Save Failed error displays after uploading a wrapped iOS application to the Workspace ONE UEM console.
Explanation
When uploading iOS applications to Workspace ONE UEM, you also upload the corresponding certificates and provisioning profile. A corrupted certificate can cause the following error when wrapping an iOS application in Workspace ONE UEM.
Workaround
Check the validity of the certificate using these processes.
Wrapped apps loop continuously when starting from the Workspace ONE Intelligent Hub or the Container application.
Explanation
A possible cause for the loop is a setting in the wrapped app that forces the application to close when you send it to the background.
Workaround
Check the PLIST file for the setting UIApplicationExitsOnSuspend. If this option is enabled, remove the setting a rewrap the application.
Applications are not wrapping successfully or are not loading on to devices running Apple iOS 8 after wrapping.
Explanation – Compatibility
Applications developed to run on Apple iOS 8 are not functioning as expected when tunneling through VMware Tunnel or using other application settings and policies.
Workaround – Compatibility
Validate the date the app was wrapped and the app wrapping engine version to ensure that the engine was compatible with the iOS version. If the wrapping date or engine version is different than what is listed, rewrap the application.
Find this information on the Wrapping tab by navigating to Apps & Books > Applications > Native > Internal. Select Edit from the actions menu of the wrapped app to view the Wrapping tab.

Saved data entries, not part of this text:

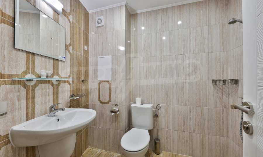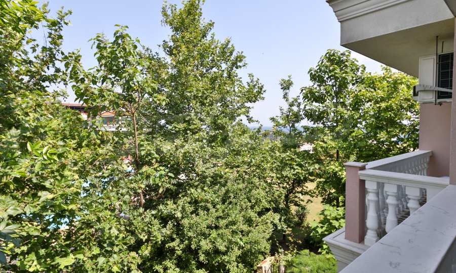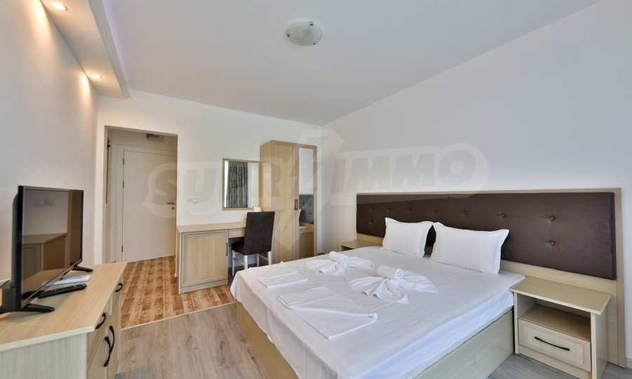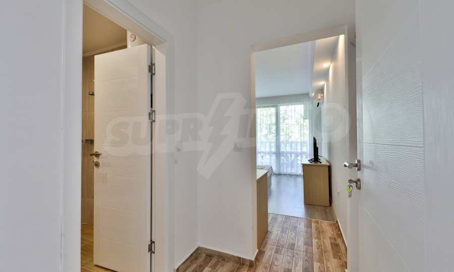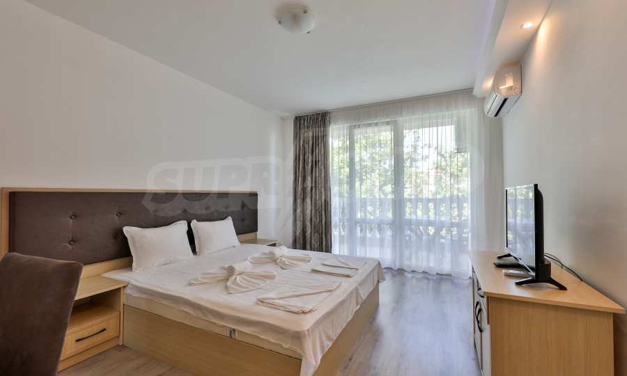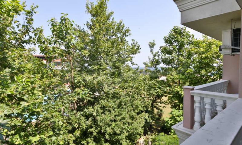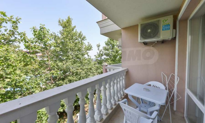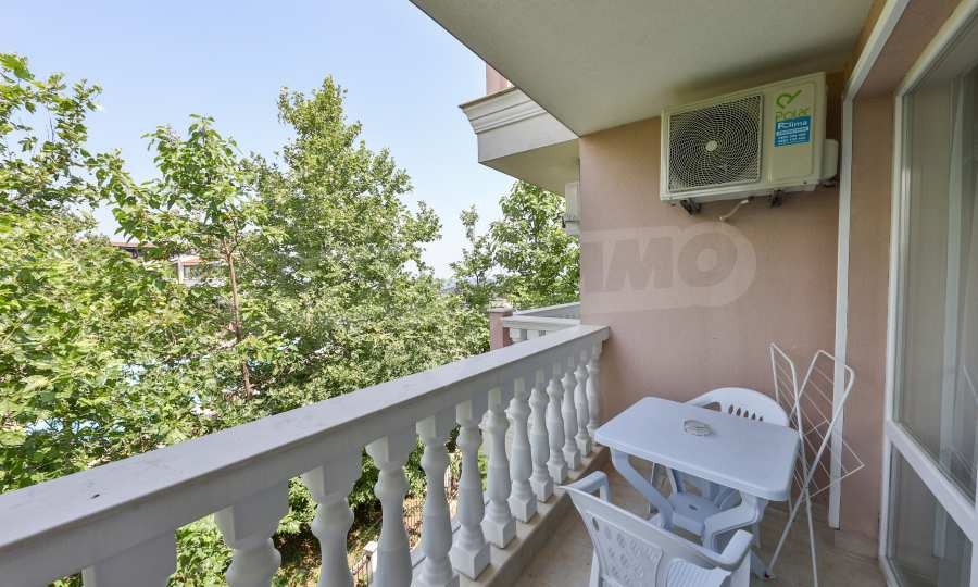 Апартаментът има просторна тераса с красива гледка към зеленината на курорта и морето.
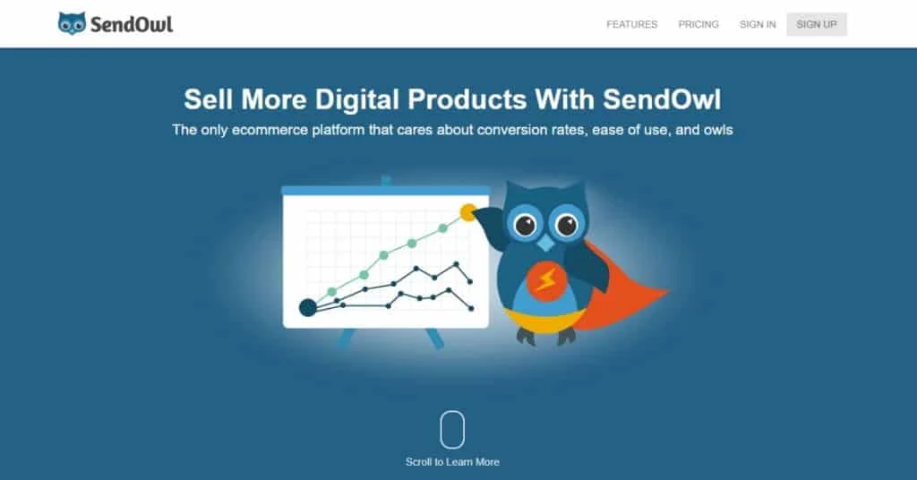 - Send Owl – 如果您已經創建了數位產品(或計劃創建),但您不知道在哪裡以及如何銷售它們,那麼您需要 Sendo Owl。 這是一個易於使用的平台,可以託管您的產品,幫助您銷售產品,並將產品交付給您的客戶。 當我第一次開始銷售我的報價時,我使用了這個工具。
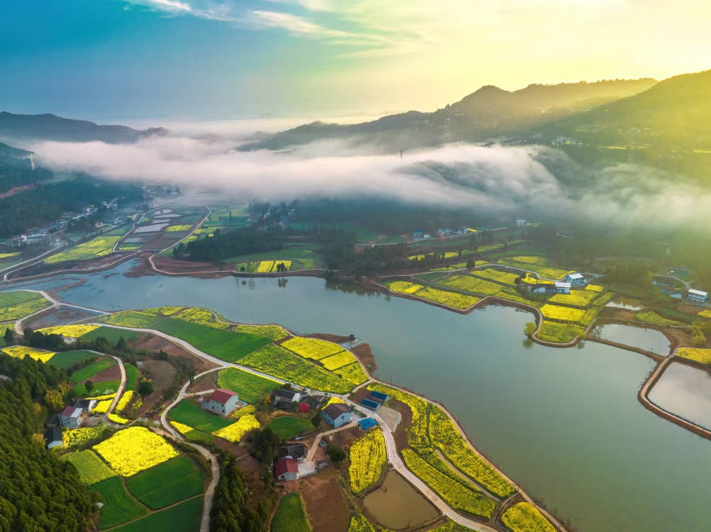 吹苑野风桃叶碧,压畦春露菜花黄。在杨村镇官店村,上千亩油菜花田在阳光的映衬下格外“亮眼”,绕着长湖水库一路驶去,花海、果园、民宿、稻鱼综合体尽收眼底。在这条3公里长的游线里,游客可以看尽剑南乡村蓬勃而起的“绿富美”新业态。
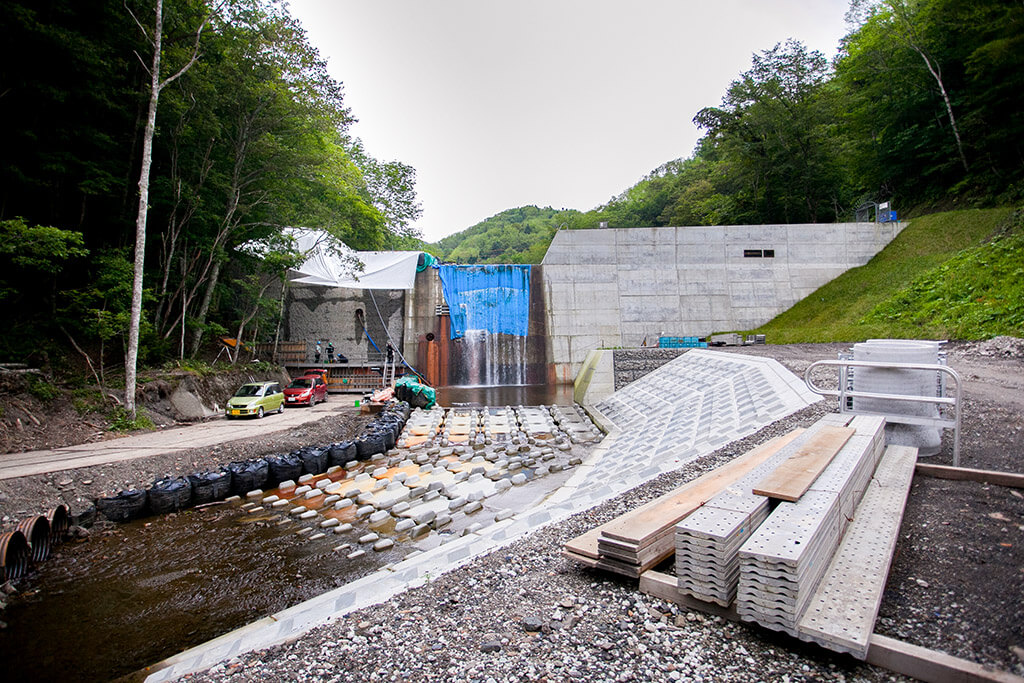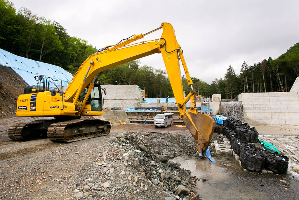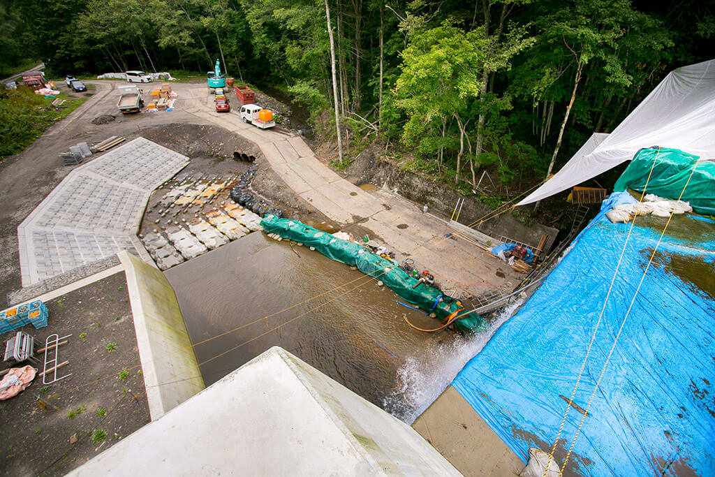 占冠村で砂防ダムを補修中。豪雨で土砂が河川に流れ込んだ時にせき止め、下流の地域を土砂災害から守る重要な施設だ
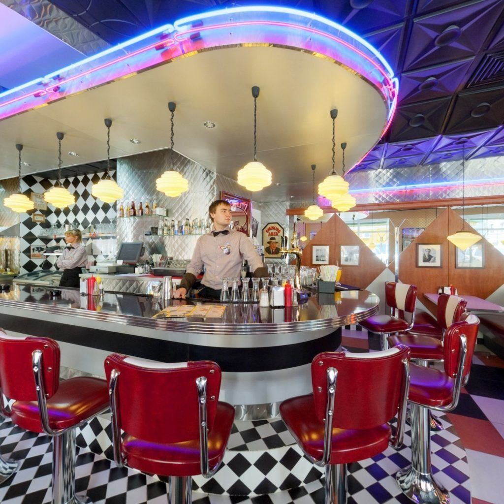 Dans l'unique restaurant métropolitain, situé rue Sretenka, 1, le design est fait dans le style de l'Amérique des années cinquante. L'atmosphère appropriée est maintenue par les propriétaires de l'institution en tout. Les visiteurs se voient proposer des plats américains traditionnels. Au crédit du restaurant, le menu comprend non seulement les burgers habituels pour ce pays, il y a aussi des plats traditionnels vraiment délicieux. Un autre détail commun à l'Amérique à cette époque est les couleurs vives de la décoration intérieure. A la demande des visiteurs, des tables insolites leur seront fournies, mais elles doivent être réservées à l'avance. Le soir, l'atmosphère agréable est complétée par de la musique live et des groupes de reprises.
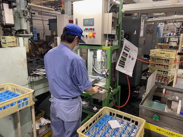 リーク検査工程では、完成したアルミダイカスト製品が気密性を保持しているかを厳密にチェックしています。
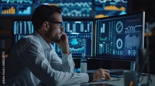 Expert financial analyst deciphering big data on desktop lcd screen for investment success
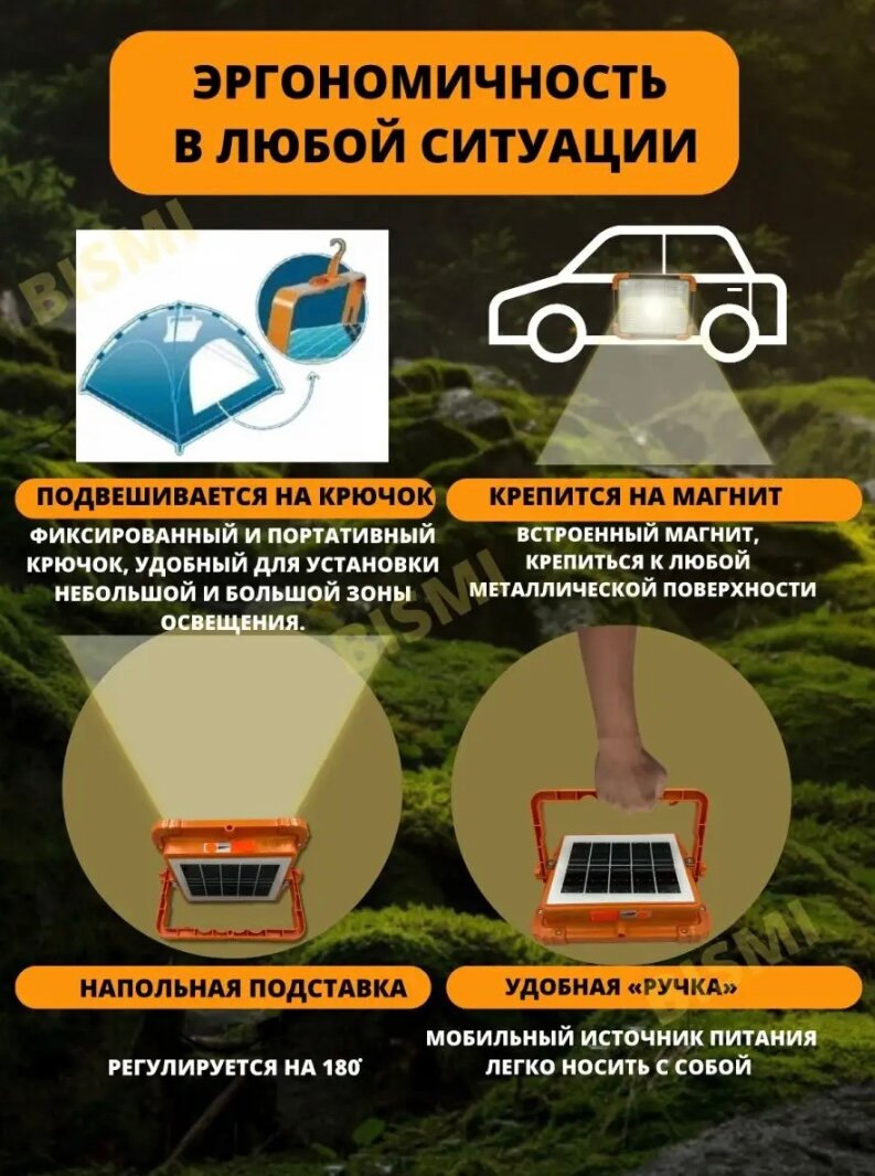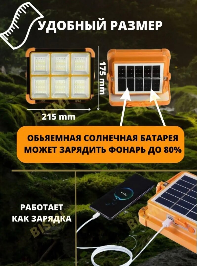 Фонарь кемпинговый / Фонарь прожектор мощный аккумуляторный светодиодный на солнечной батарее Power Bank с магнитными креплениями подвесной 4 режима интересное:
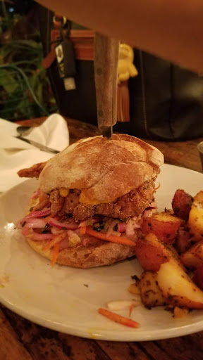 Wednesday, April 13, 2022, we decided to give The Floridian a try after a recommendation by a local. I must say I was somewhat disappointed! The hostess seated us outside on a wonderful evening and asked what we'd like to drink. I inquired about draft beers and was informed that our server would have a list of available brews. After about a 10 minute wait, our server greeted us. She read off the list of draft beers. Not a long list by any means. I chose 1 to sample. She came back and apologized that my chosen brew had just 'kicked'. I asked for a different one. Again she came back and said that it was unavailable and informed me of another from the list that was not on tap. This was approximately 1/3 of their available draft brews. As the remaining brews either didn't interest me or were humdrum selections (Yuengling, Bud Light, etc) I opted for water while my fiance had a Bud Light. Next we ordered an appetizer of "chips & dips". Incredibly we were once again informed that they were unavailable! "Chips & dips"? To their credit, they brought us a complimentary basket of their great bread with the 2 dips that usually accompany the chips; Lemon-garlic Chickpea hummus and Black Bean-Poblano dip served with crudite veggies. Both dips were very nice! My fiance ordered the "SOUTH-EAST FRIED CHICKEN SANDWICH" ($16.75) and added their pimento cheese for it (+$3). For her side she chose the herb roasted new potatoes. The chicken was crispy outside & moist inside. Perfect! The potatoes were also very good. I wish I could stop there but, alas, I wanted something to eat as well. My challenge is that I've been undergoing major restorative dental work & am somewhat limited to foods on the softer side. Sadly, no crusty breads or steaks for me. I inquired about the soup du jour ($4.50 CUP/$7.00 BOWL) and the server described an interesting sounding tomato based soup. I also chose the "THE CHEESE BOARD ($16.50) Described as "A selection of Sweetgrass Dairy (Thomasville, GA) cheeses served alongside pan pugliese bread, seasonal fruit, apple butter, candied pecans, and FL honey" For me, here is where the last remaining wheels fell off the wagon. The server's description of the soup and what I was served were far apart. The soup contained the same crudite veggies that accompanied the bread we were served. Mostly raw & virtually uncooked & so inedible for me. It was also lacking flavor to my palate. I had asked what cheeses I could expect on the cheese board and was told "gouda, goat cheese and feta". Uh, not hardly! There was brie, which I would have nixed had I been informed of that. The goat cheese was very nice. There was also roquefort or blue, also nice and another cheese that I was unable to identify but pleasant. As for the promised accompaniments the 'seasonal fruit were 3 or 4 small & wafer thin slices of apple. The 'apple butter' was nothing like apple butter that I'm familiar with as a Pennsylvanian Dutchman. Rather it was more of a seasoned apple syrup and FL honey was nowhere to be found. The candied pecans were fine. Had we had a better experience, almost $70 for a light dinner, would have been acceptable but in this case, although we come to St. Augustine frequently, I doubt...
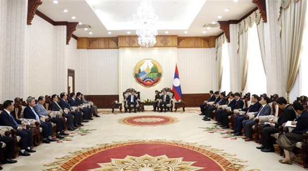 An overview of the meeting (Photo: VNA)Minister of Industry and Trade Nguyen Hong Dien had a meeting in Vientiane on April 8 with Lao Prime Minister Sonexay Siphandone who asked relevant ministries of the two sides to focus on seeking ways to remove diffi
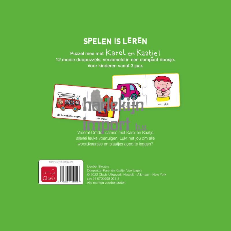 Puzzel mee met Karel en Kaatje! 12 mooie duopuzzels, verzameld in een compact doosje. Voor kinderen vanaf 3 jaar. Vroem! Ontdek samen met Karel en Kaatje allerlei leuke voertuigen. Lukt het jou om alle woordkaartjes en plaatjes goed te leggen?
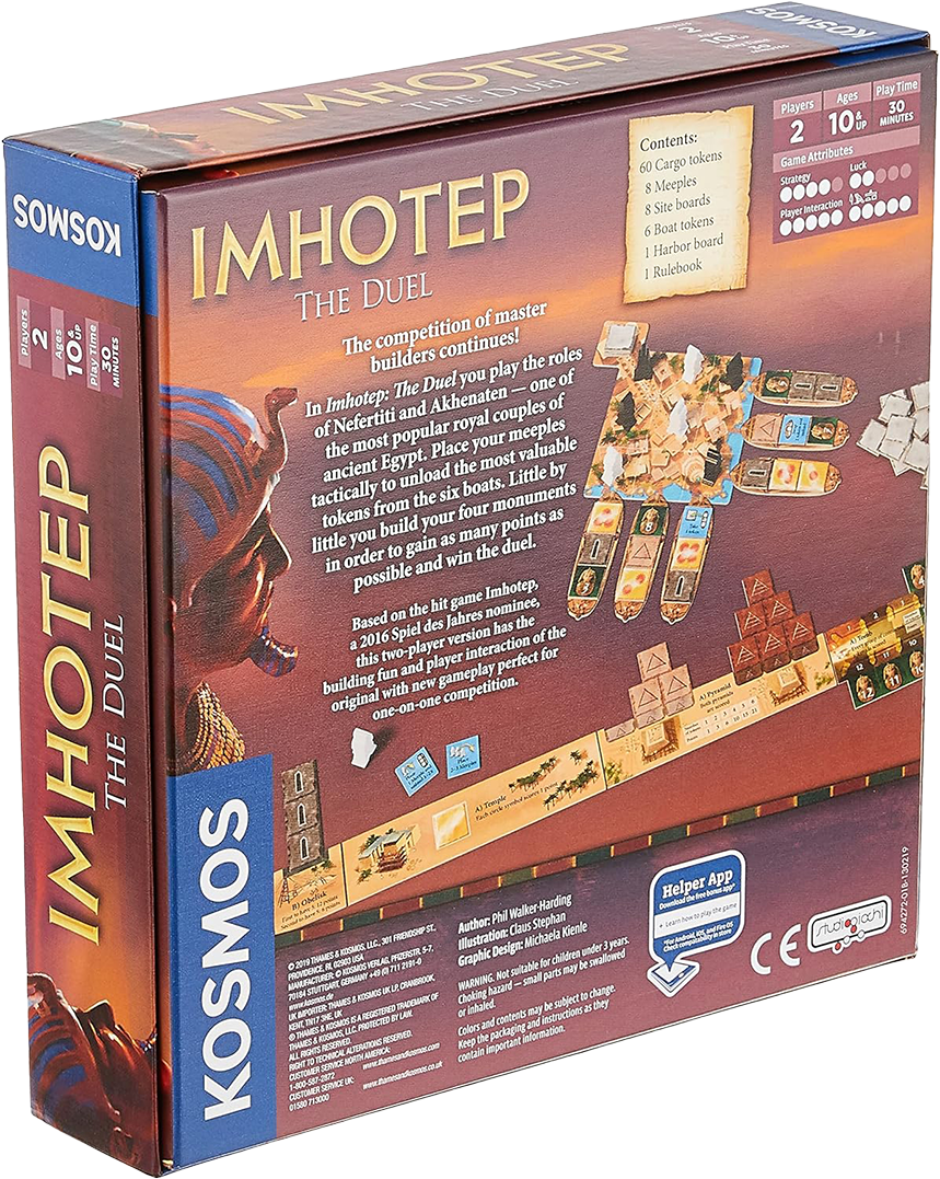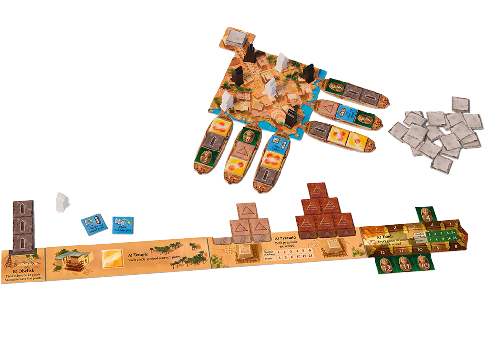 In this game, players take on the roles of Nefertiti and Akhenaten, one of Egypt's most famous royal couples. Game pieces must be cleverly placed so that players can unload the most valuable tiles from the six boats. While this is happening, each player builds their own four monuments in order to gain as many fame points as possible.
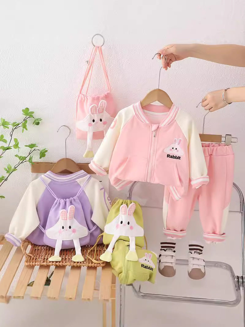 SSN040924-56 طقم بناتي ربيعي خريفي قطن تقيل 3 قطع ( جكيت + بنطلون + حقيبة)
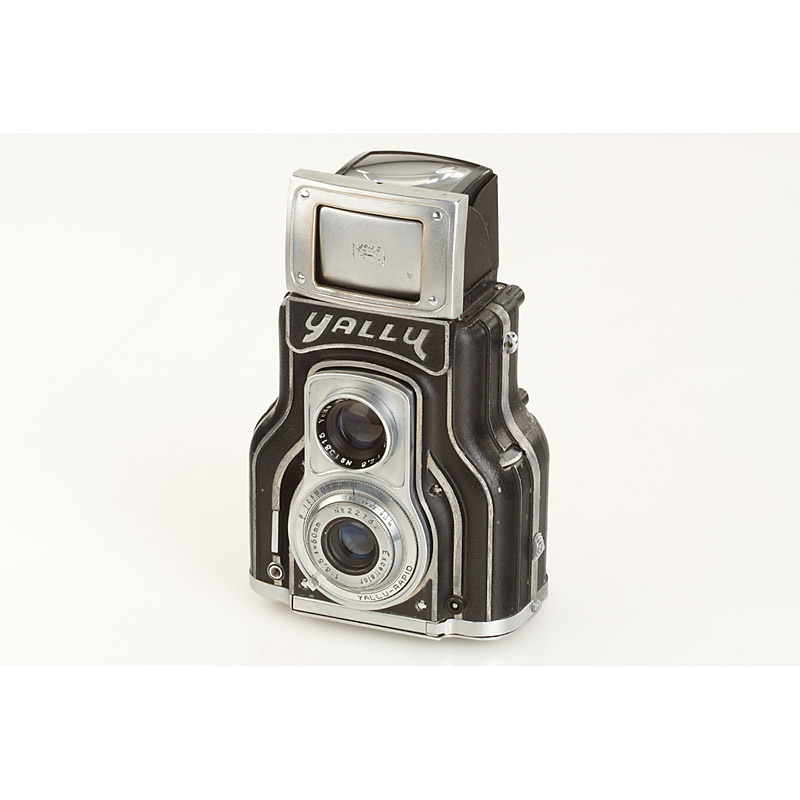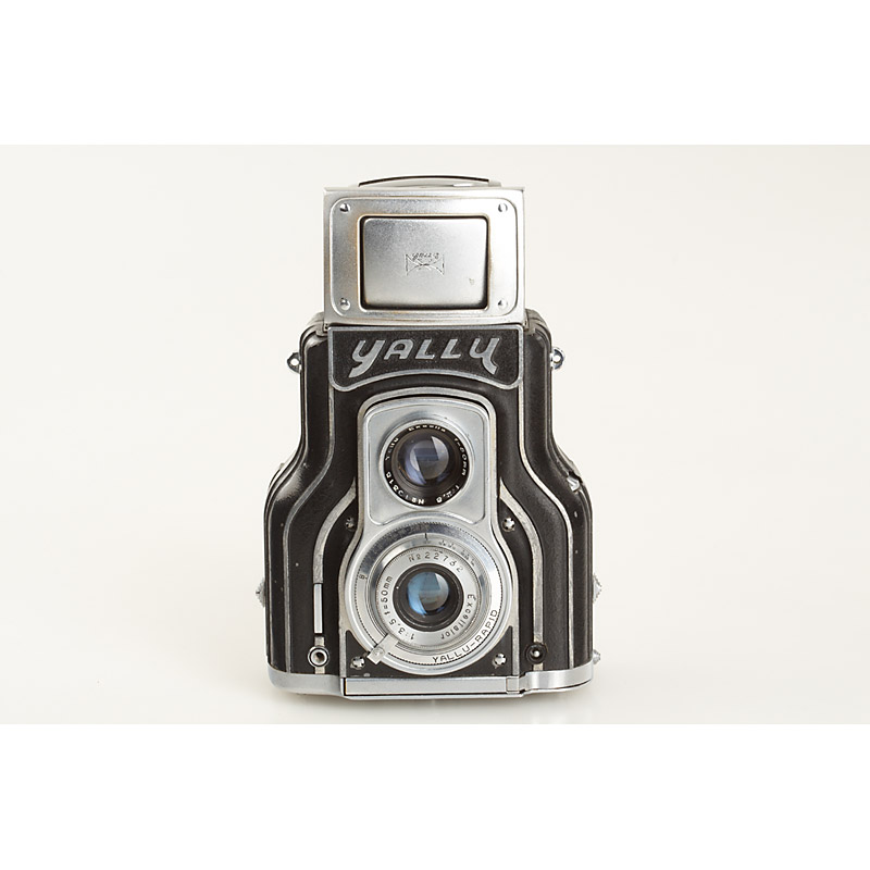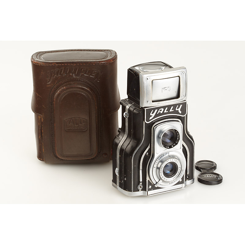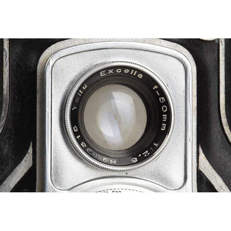 35mm TLR with unusual design, one of the rarest and most sought-after Japanese cameras, almost unknown with Excellsior 3.5/50mm no.22732. The total production of this spectacular camera was not more than 50 examples, only very few are known to exist. In fine condition and perfect working order, with original Yallu case and Yallu cap.

Explanation – Code Signing Signature
Applications developed to run on Apple iOS 8 are not functioning as expected. The application cannot find the code signing signature as recorded in this MMAP error.
[deny-mmap] mapped file has no team identifier and is not a platform binary: /private/var/mobile/Containers/Bundle/Application/………../…………/libappwrap.dylib
Workaround – Code Signing Signature
Regenerate the signing certificate and the mobile provisioning file and rewrap the application. Reupload the application and the regenerated auxiliary files in the Workspace ONE UEM console.